§ Task requirements
Begin with the line below holding "为更好地发挥广大律师在参与地" and go on through the line holding "Use the joystick", duplicating each line exactly and leaving out pictures.

*** Opening of Records for the exercise ***

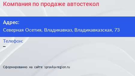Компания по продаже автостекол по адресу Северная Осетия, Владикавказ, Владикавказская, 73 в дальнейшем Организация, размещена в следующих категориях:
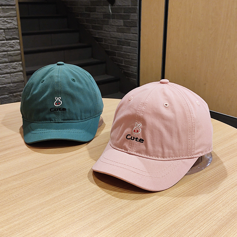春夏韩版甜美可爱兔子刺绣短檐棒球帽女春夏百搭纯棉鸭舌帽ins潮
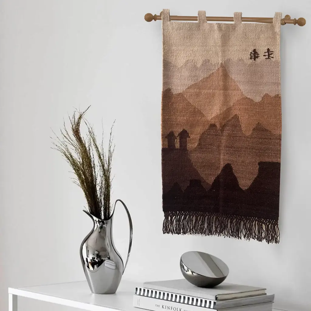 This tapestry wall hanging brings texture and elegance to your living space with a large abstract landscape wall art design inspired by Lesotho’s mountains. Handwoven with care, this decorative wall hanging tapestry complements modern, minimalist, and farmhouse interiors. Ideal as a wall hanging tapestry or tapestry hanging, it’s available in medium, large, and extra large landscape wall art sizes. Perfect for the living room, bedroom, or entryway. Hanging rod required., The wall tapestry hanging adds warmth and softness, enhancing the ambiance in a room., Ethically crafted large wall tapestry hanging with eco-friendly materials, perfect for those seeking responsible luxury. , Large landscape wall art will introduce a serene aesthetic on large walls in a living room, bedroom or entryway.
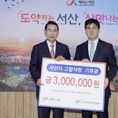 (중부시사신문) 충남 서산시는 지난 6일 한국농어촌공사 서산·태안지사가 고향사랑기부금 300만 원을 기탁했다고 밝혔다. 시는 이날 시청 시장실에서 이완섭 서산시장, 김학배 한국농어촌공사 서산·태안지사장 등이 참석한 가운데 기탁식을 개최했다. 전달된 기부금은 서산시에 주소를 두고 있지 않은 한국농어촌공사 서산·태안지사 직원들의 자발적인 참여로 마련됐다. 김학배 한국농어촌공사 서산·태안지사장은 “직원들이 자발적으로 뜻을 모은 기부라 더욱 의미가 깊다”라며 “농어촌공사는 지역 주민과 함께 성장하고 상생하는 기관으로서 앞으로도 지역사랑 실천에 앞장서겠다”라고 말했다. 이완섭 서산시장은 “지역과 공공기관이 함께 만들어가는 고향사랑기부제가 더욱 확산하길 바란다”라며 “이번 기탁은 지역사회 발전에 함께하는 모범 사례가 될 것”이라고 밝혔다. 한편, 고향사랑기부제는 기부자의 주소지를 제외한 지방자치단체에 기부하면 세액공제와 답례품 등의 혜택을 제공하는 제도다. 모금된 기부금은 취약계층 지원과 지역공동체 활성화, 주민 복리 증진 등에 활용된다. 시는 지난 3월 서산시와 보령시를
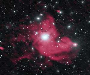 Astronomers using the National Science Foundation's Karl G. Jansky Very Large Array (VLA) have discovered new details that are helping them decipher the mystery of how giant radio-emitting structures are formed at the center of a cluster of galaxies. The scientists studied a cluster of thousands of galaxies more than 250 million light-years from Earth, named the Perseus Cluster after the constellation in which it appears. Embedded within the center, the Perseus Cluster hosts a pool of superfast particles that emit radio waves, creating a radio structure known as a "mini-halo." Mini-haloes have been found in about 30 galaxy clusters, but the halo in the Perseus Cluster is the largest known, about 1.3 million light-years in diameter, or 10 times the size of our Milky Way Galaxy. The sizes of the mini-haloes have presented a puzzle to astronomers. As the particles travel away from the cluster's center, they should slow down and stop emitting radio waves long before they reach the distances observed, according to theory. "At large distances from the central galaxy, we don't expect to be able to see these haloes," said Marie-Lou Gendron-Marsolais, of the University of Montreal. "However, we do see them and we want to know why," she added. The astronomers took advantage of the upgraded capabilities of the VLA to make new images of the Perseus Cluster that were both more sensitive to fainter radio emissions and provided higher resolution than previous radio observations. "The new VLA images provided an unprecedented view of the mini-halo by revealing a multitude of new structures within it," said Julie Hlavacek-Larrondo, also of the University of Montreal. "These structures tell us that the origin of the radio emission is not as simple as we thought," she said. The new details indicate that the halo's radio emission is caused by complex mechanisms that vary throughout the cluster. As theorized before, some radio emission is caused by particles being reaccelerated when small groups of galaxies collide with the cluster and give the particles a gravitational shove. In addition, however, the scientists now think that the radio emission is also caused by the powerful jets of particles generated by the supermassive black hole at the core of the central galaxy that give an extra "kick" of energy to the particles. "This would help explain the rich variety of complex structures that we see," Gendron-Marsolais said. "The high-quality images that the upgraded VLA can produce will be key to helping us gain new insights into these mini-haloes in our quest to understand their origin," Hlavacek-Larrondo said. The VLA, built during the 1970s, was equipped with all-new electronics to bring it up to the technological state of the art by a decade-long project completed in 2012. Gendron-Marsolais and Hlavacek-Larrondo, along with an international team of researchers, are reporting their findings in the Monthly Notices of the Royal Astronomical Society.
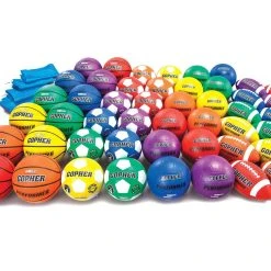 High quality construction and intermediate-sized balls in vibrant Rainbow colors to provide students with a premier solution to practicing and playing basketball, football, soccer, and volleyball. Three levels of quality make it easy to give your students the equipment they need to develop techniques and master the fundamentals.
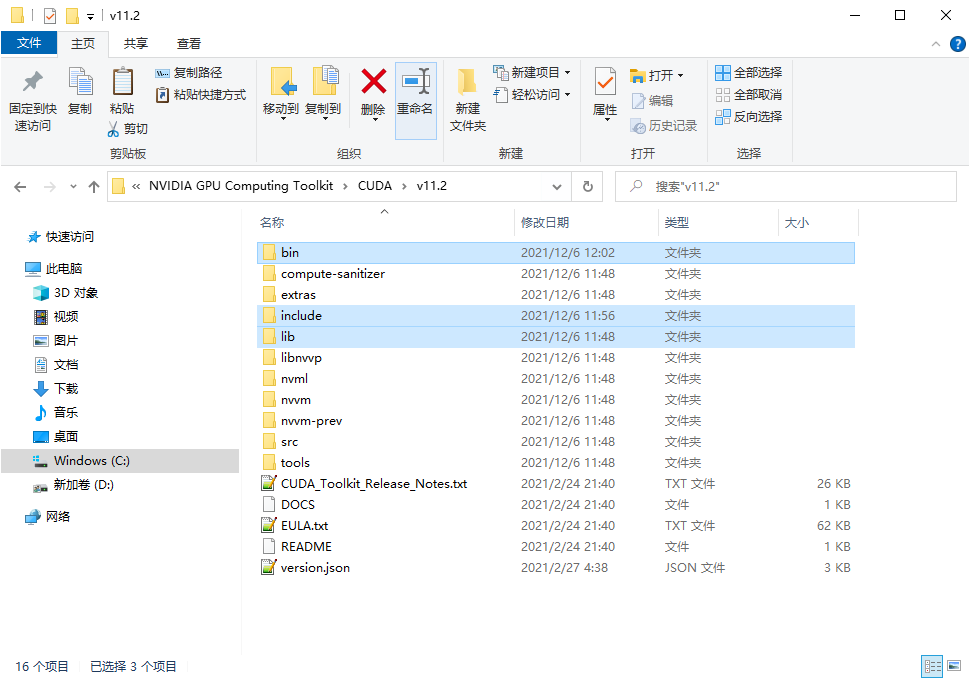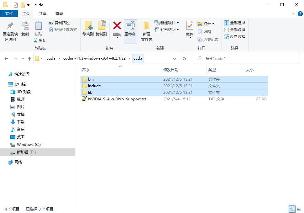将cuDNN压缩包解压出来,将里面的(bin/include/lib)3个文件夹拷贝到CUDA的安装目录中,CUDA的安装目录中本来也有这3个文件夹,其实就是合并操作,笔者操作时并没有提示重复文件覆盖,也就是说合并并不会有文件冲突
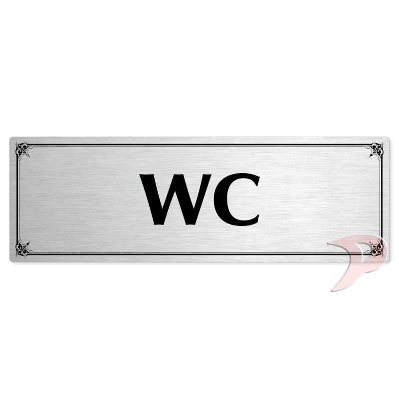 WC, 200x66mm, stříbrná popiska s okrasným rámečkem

*** Close of Records for the exercise ***
*** Opening of Records for the exercise ***

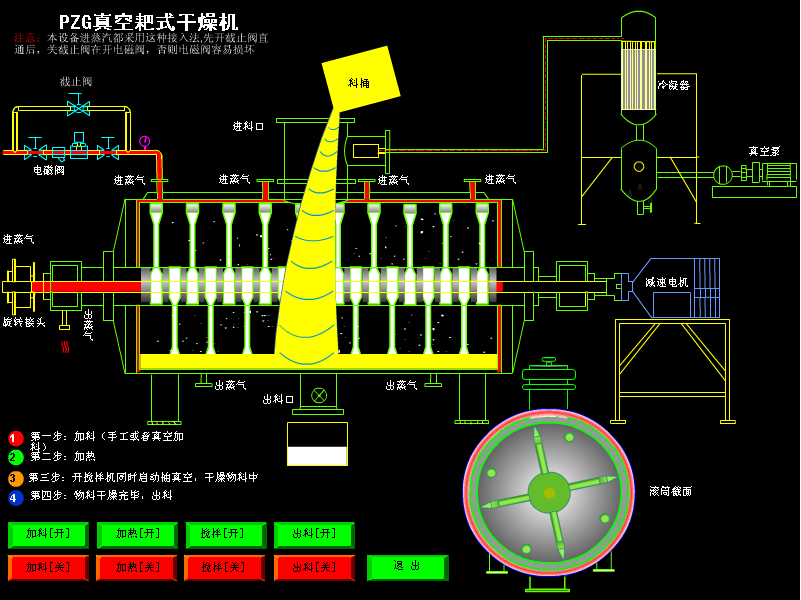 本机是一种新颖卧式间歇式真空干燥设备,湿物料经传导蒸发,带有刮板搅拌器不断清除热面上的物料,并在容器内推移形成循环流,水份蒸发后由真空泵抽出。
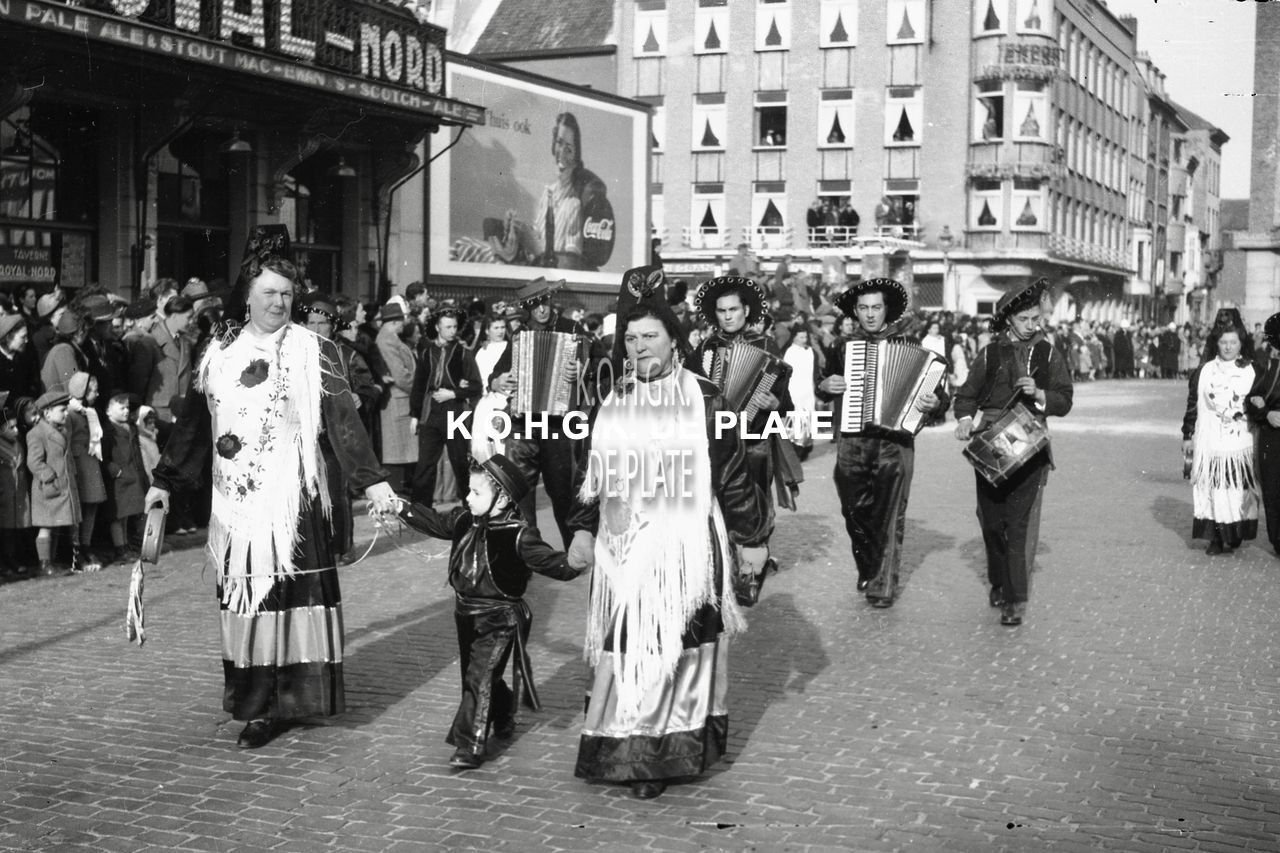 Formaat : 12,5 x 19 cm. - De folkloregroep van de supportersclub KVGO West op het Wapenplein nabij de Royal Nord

*** Close of Records for the exercise ***
*** Opening of Records for the exercise ***

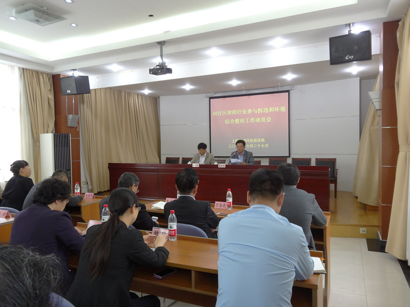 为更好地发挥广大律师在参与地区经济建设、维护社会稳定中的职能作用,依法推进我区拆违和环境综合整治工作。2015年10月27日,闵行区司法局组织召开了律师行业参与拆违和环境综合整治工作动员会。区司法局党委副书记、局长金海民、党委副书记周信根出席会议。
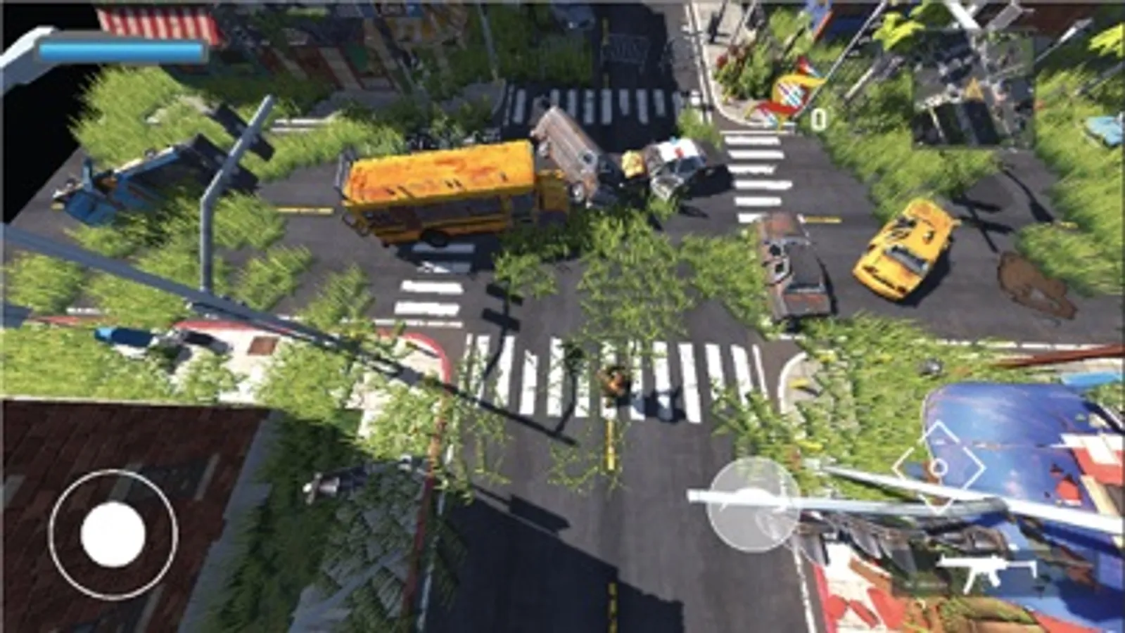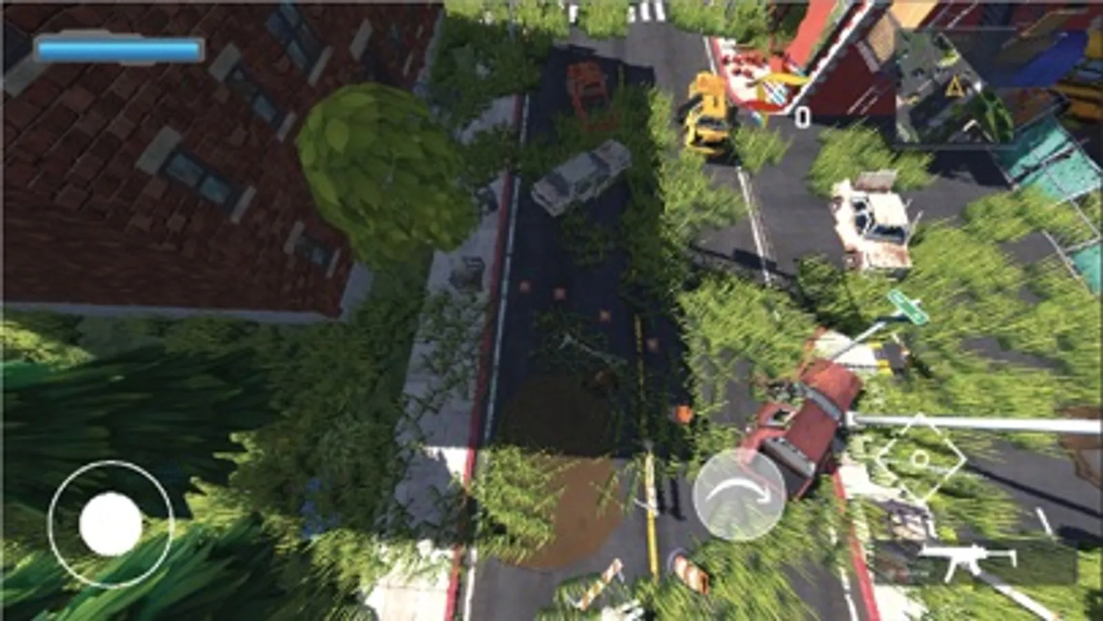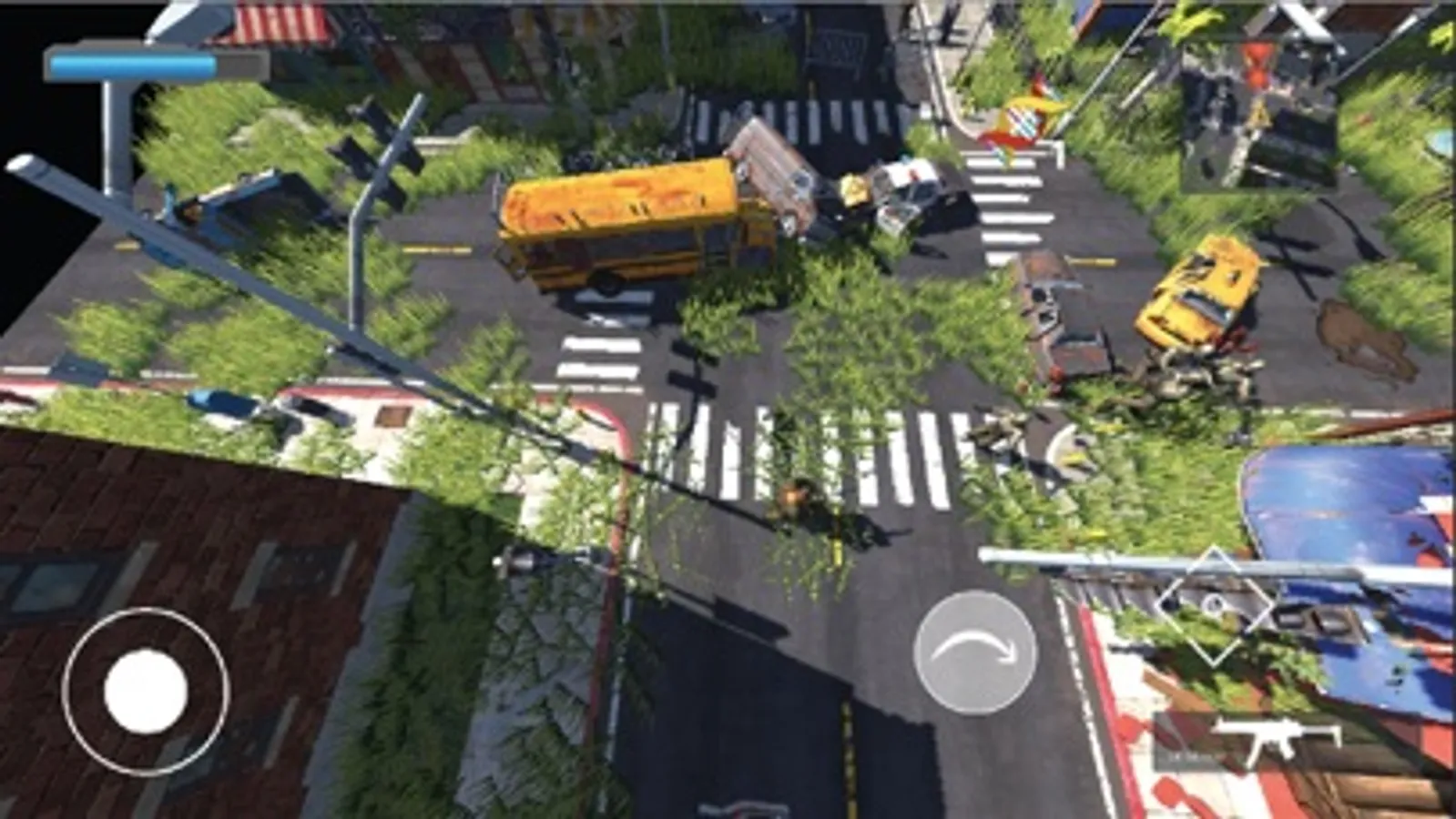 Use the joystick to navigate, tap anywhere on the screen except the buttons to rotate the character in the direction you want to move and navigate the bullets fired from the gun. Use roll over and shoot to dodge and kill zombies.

*** Close of Records for the exercise ***

§ Answer section
 为更好地发挥广大律师在参与地区经济建设、维护社会稳定中的职能作用,依法推进我区拆违和环境综合整治工作。2015年10月27日,闵行区司法局组织召开了律师行业参与拆违和环境综合整治工作动员会。区司法局党委副书记、局长金海民、党委副书记周信根出席会议。
 Use the joystick to navigate, tap anywhere on the screen except the buttons to rotate the character in the direction you want to move and navigate the bullets fired from the gun. Use roll over and shoot to dodge and kill zombies.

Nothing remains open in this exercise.